In the entries below, repeat only the lines between those holding "PLAVEの世界から迷い込ん" and "有机全麦面条500g/包|全程有机麦香味浓含麦麸", inclusive. Leave pictures out.

Records to process
== == ==
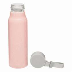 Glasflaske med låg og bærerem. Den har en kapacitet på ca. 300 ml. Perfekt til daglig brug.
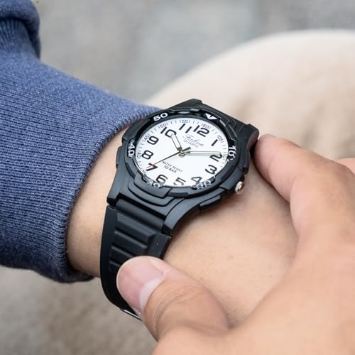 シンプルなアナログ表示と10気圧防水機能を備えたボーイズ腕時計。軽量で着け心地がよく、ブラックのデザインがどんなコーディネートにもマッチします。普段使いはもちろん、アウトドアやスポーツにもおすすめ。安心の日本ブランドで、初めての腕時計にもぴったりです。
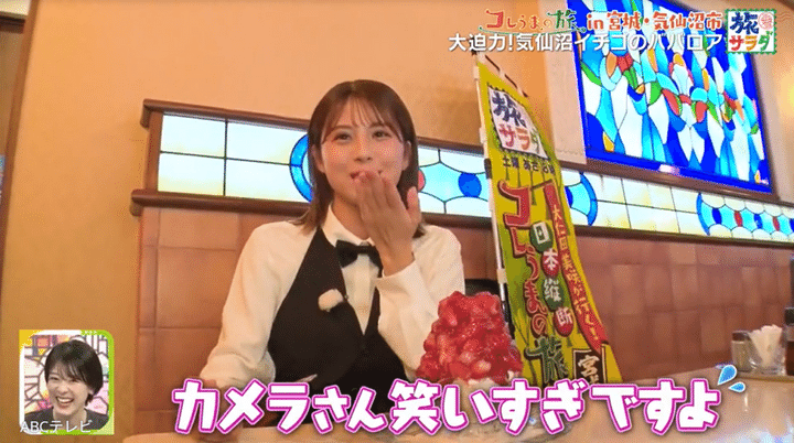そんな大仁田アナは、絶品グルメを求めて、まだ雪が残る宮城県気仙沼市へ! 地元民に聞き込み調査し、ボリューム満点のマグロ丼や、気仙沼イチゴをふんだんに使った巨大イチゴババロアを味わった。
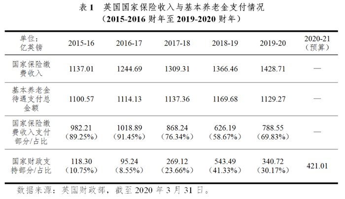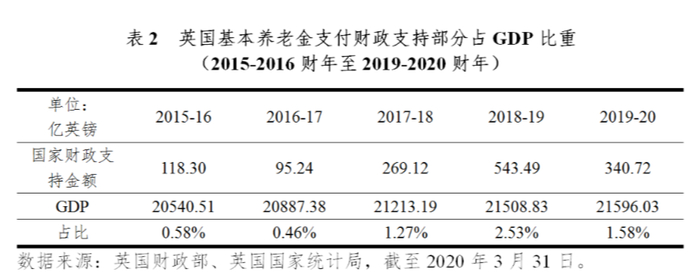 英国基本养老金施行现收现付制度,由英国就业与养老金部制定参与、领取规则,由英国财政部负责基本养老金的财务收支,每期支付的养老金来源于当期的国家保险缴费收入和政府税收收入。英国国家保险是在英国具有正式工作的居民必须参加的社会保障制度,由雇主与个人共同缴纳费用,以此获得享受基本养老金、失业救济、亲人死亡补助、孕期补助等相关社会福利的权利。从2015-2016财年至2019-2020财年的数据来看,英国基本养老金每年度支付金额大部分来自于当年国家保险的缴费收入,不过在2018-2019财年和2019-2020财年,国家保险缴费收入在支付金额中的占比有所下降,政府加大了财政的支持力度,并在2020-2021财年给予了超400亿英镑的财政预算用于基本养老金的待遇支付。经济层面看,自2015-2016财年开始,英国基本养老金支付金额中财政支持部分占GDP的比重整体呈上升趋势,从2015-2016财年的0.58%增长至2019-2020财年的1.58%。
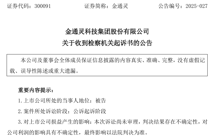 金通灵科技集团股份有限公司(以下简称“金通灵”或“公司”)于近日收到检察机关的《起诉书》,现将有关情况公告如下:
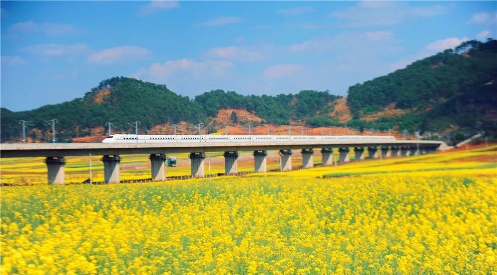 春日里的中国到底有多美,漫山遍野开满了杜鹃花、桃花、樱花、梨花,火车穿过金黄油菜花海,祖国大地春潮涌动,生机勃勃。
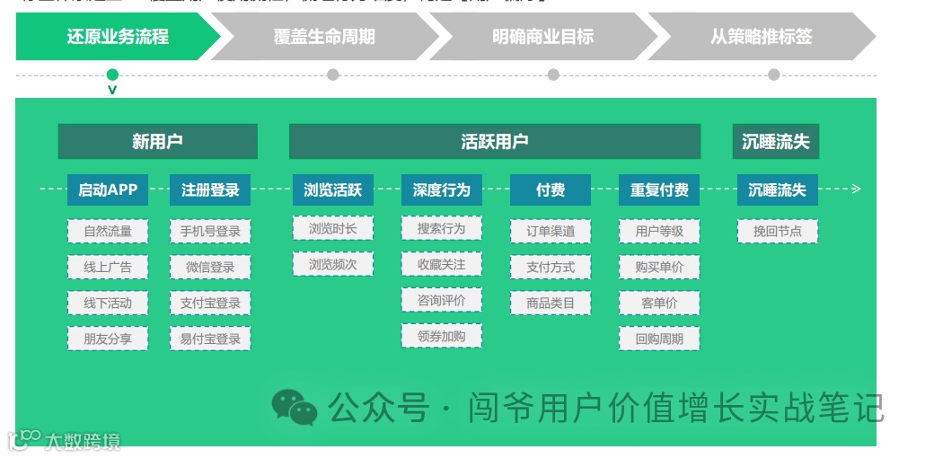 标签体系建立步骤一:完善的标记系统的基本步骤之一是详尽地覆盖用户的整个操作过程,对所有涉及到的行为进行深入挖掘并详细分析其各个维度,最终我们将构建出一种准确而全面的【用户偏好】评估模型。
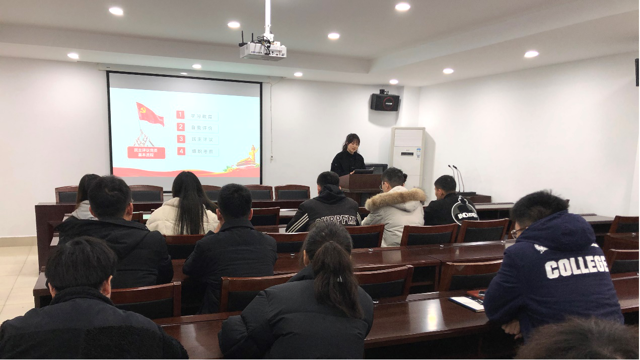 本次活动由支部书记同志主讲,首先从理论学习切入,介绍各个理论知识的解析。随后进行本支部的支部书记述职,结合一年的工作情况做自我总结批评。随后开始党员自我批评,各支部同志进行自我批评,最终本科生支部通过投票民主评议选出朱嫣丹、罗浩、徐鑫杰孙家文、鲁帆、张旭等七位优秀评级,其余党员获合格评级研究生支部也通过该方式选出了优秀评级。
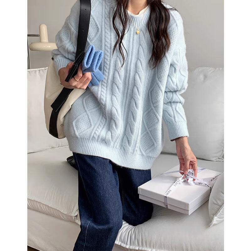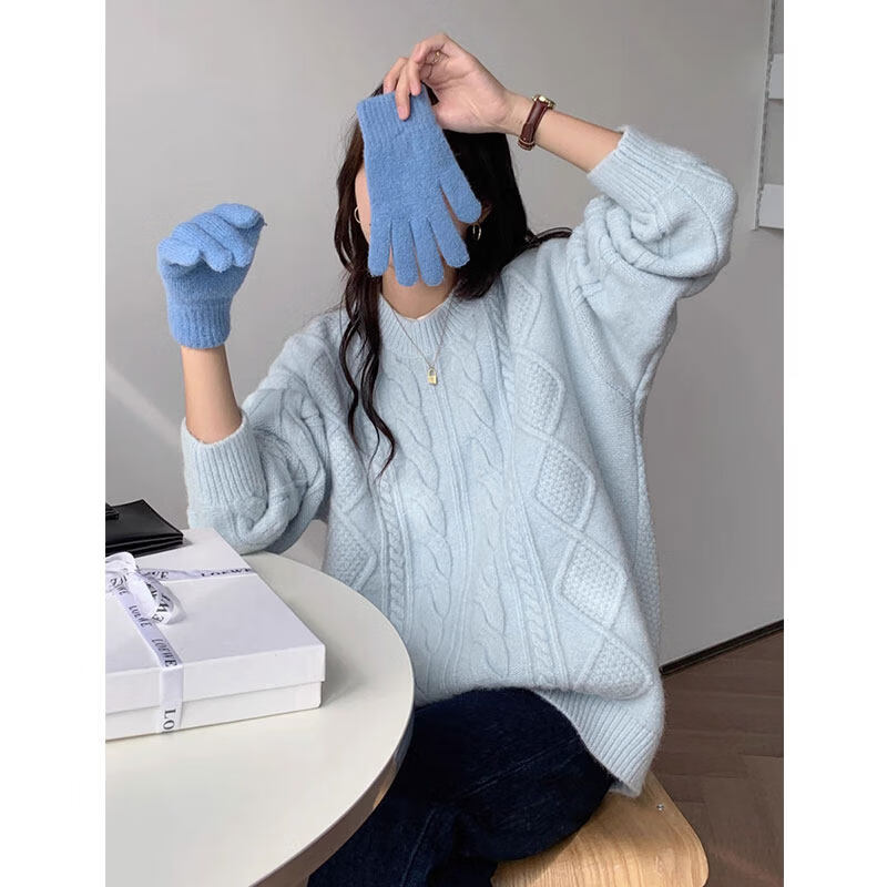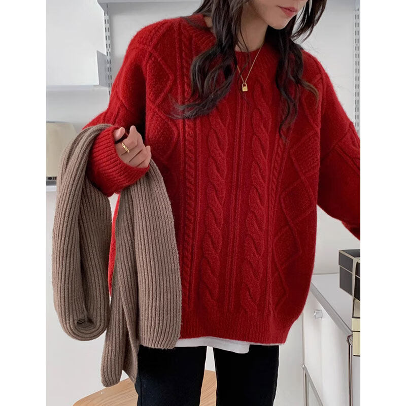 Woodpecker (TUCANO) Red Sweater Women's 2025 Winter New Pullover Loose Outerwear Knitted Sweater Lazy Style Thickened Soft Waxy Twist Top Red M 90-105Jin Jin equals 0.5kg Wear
== == ==
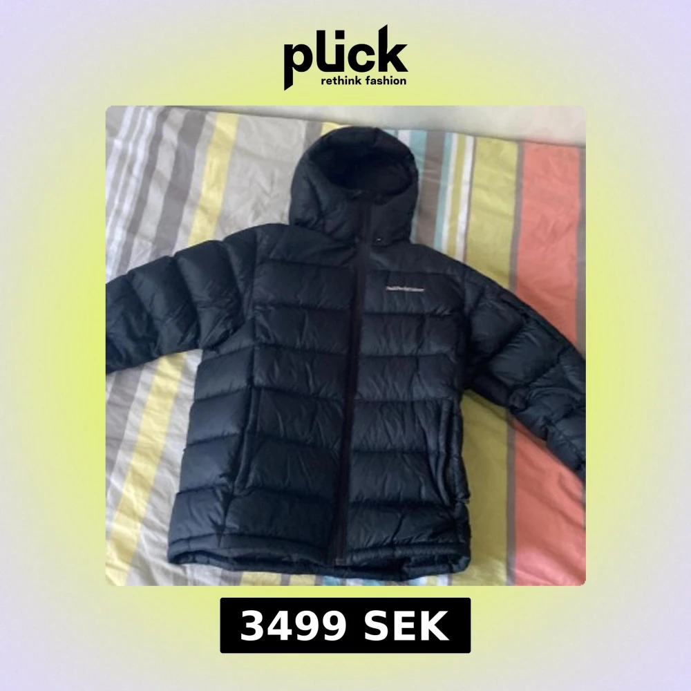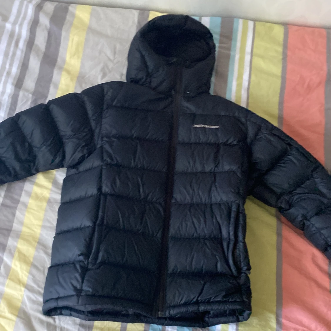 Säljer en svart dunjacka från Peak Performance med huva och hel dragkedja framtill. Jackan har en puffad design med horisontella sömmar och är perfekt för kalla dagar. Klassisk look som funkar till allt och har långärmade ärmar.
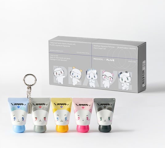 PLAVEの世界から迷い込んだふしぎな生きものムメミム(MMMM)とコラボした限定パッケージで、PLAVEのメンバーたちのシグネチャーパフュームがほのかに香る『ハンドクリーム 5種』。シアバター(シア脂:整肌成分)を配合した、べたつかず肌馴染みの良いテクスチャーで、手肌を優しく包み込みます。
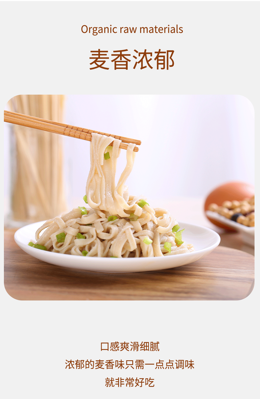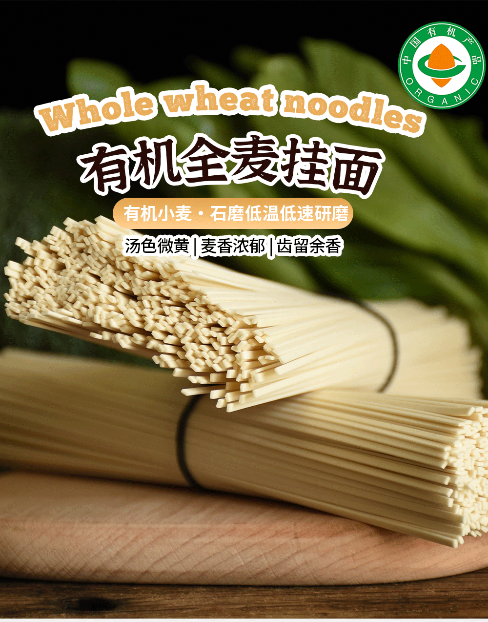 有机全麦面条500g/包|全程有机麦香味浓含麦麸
== == ==
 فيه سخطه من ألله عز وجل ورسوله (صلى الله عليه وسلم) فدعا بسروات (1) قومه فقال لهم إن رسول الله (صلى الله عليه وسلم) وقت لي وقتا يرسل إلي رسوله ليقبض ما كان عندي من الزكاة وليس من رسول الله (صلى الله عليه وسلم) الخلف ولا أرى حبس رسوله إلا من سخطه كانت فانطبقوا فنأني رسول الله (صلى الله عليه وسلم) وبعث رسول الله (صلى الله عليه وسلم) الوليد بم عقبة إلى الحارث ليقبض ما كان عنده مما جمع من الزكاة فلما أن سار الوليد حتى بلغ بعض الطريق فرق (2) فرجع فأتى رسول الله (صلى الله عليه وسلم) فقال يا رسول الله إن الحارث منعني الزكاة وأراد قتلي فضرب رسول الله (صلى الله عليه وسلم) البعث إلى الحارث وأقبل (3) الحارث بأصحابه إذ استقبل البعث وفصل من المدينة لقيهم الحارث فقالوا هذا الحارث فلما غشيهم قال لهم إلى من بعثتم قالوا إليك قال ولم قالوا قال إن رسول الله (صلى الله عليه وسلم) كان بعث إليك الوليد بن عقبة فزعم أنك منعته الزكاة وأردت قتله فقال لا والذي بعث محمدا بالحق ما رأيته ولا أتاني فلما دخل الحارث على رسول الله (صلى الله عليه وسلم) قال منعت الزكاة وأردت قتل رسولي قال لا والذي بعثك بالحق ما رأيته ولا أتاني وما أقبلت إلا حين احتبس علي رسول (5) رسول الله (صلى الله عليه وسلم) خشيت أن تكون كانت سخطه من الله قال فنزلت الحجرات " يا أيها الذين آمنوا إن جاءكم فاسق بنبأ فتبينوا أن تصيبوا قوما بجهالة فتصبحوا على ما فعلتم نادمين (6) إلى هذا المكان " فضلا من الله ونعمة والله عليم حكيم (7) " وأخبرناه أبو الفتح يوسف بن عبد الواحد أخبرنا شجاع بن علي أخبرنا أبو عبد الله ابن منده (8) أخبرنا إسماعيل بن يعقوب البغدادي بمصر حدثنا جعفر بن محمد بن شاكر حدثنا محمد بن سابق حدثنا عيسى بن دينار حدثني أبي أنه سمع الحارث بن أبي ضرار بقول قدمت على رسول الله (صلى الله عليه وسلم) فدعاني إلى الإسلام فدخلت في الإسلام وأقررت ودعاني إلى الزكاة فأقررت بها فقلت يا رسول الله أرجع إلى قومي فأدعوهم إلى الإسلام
== == ==
Response to this exercise
 PLAVEの世界から迷い込んだふしぎな生きものムメミム(MMMM)とコラボした限定パッケージで、PLAVEのメンバーたちのシグネチャーパフュームがほのかに香る『ハンドクリーム 5種』。シアバター(シア脂:整肌成分)を配合した、べたつかず肌馴染みの良いテクスチャーで、手肌を優しく包み込みます。
 有机全麦面条500g/包|全程有机麦香味浓含麦麸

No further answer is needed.